Here is a closeup of the rack and pinion mechanism that is used to translate the servo’s rotational motion into linear. This is an important feature because we are using the servo’s rotational output to activate the toggle switch which requires linear motion.

The photocell is placed in a 3D printed housing to focus its view on the lightbulb at Joanne’s house that will be triggering the whole system.

Narrative Sketch

It is a cold winter night and Joanne is in her house when her brother comes home. She wants to turn on her front yard lights for him but one of the front yard lamps is controlled by a switch located outside. She isn’t dressed properly to go outside into the freezing weather conditions. Just as she begins to go put on her warm coat she realizes that two students from Carnegie Mellon just implemented a yard light system that allows her to control all of her front yard lights by a single switch inside. Bursting with delight, she smiles as she flips the switch that controls one of the lamps on her front yard. The photocell that the students place inside of this lamp changes resistance value due to the increased light from the lamp turning on. This triggers her newly implemented yard light system to do two things. One, rotate the servo motor which pushes the linear toggle switch up and turns on the second lamp on her front yard. Two, turn on the LED light strip and light up the previously unlit section of her front yard path. Her brother walks inside and then she flips her control switch again and a split second later all the lights on her front yard are back off.

How We Got Here

After our first prototype we knew we would have to order a lot of parts for the final device. Once essential part was the waterproof servo. Once this arrived the first thing we did was test it.

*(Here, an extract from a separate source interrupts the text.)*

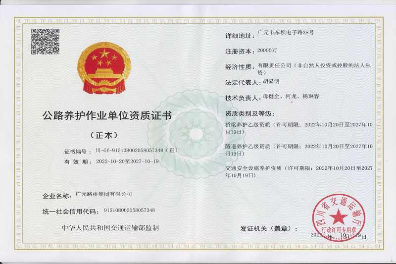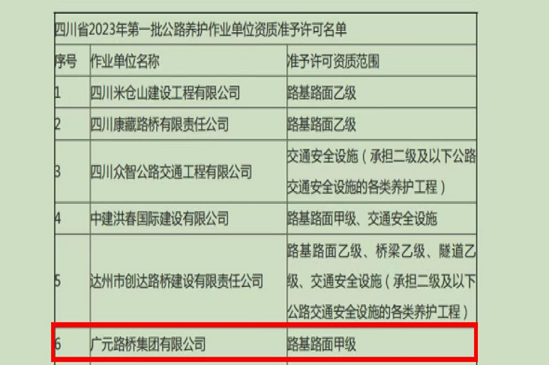 再添喜報!2023年2月16日,四川省交通運(yùn)輸廳官網(wǎng)公布了《四川省2023年第一批公路養(yǎng)護(hù)作業(yè)單位資質(zhì)準(zhǔn)予許可名單》,廣元路橋集團(tuán)有限公司位列其中。至此,廣元路橋集團(tuán)有限公司成功獲得路基路面甲級、橋梁乙級、交通安全設(shè)施、隧道乙級4項(xiàng)公路養(yǎng)護(hù)作業(yè)資質(zhì),成為我市第一家、也是唯一一家取得上述公路養(yǎng)護(hù)作業(yè)資質(zhì)的市屬國有企業(yè)。

The new servo runs on a maximum of 6.8 volts and we used a power supply to test it.

It was a little different than the servo we were used to using because it had 270 degrees of rotation instead of 180. We knew that we would have to eventually adjust our code to control it but the more challenging problem was to change our mechanical design of our prototype’s 3D printed assembly to fit with the larger dimensions of the new servo. First, we took measurements of the servo and modeled it in SolidWorks.

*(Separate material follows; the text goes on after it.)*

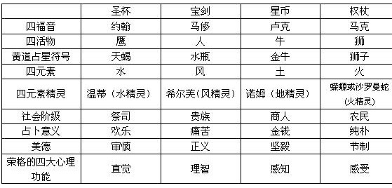 现代塔罗历史学家RonaldDeck指出,在十七到十八世纪,法国四牌组的符号与意大利四牌组的符号是共通的——心相当于杯、矛头相当于剑、棒相当于币、钻相当于杖,所以,很显然,法国四牌组的对应模式是基于早先意大利四牌组的对应模式,即杯对应欢乐与神职阶级、剑对应悲伤与贵族阶级、币对应金钱与商人阶级、杖对应纯朴与工农阶级。所以在中世纪及文艺复兴时期,为四牌组与四大阶级、四元素、以及其他四重系统建立起对应思想是很普遍的。因而,可以认为完整的塔罗小牌四牌组反应的是历史上存在的各个四重体系(见下表):

We used a caliper to measure the servo and we only modeled the important features. We ignored all the little fillets and complex grooves.

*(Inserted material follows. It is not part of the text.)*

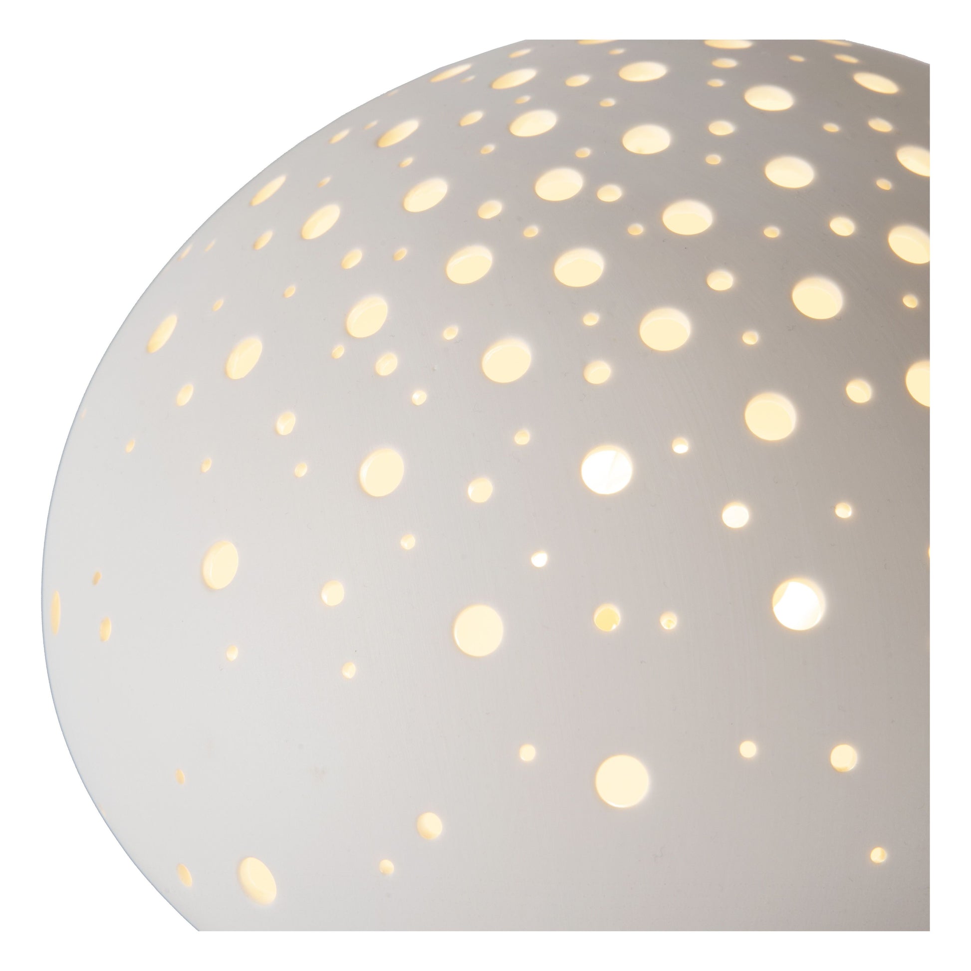 Playful handling of light fits Fungo like a glove. Conjure up some magic in your living room and place this cheerful table lamp among the greenery of plants or in the cozy middle of frames and images. Or create your own forest of light and place it in multiples on the coffee table. At 29 centimeters high, Fungo may not be large in stature, but he stands out in his own mischievous way. The high-quality porcelain fixture has numerous small openings through which the light peeks out. You can switch it on and off with a flick of the switch.

Although it didn’t take that long to model the servo, it was still time wasted because we later found an exact CAD model on the servo manufacturer’s website. Having the CAD of our servo made it easier to design around.  For our new design, we wanted to ensure that we were getting the maximum amount of torque output from our servo so that there would be no issue in terms of strength with moving the linear switch at Joanne’s house. To do this, we had to optimize the size of the gear that would attach to the servo. The smaller the gear, the higher the torque output is. Knowing that the maximum range of rotation for our servo is 270 degrees and that the range of motion for the linear switch is about 0.8 inches, we calculated how small the pitch diameter of our gear could be. We ended up with a pretty small gear that only had 8 teeth on it. It was only after we implemented this new gear into our CAD assembly that we realized the lower bound of our gear size was actually constrained by the width of the servo. Unless we made drastic design changes to our assembly, the gear diameter had to be slightly larger than the width of the servo or else it wouldn’t be able to mesh with the rack. So we designed a larger gear and then moved on to making design adjustments of other parts in our assembly. These adjustments included:

  1. Slightly reducing the dimensions on the rack for smoother gliding within its track
  2. Making the grip for the switch bigger and enclosed to maximize the contact area with the switch
  3. Raising the location of the servo relative to the rack so that it started at the top of the rack and allowed us to optimized the length of the rack.
  4. Moving the connection point for our rack and pinion assembly from the front face of the switch box cover to the side face.
  5. Reducing the weight of the rack and pinion assembly by cutting down unused wall space.
  6. Minor changes to increase structural integrity.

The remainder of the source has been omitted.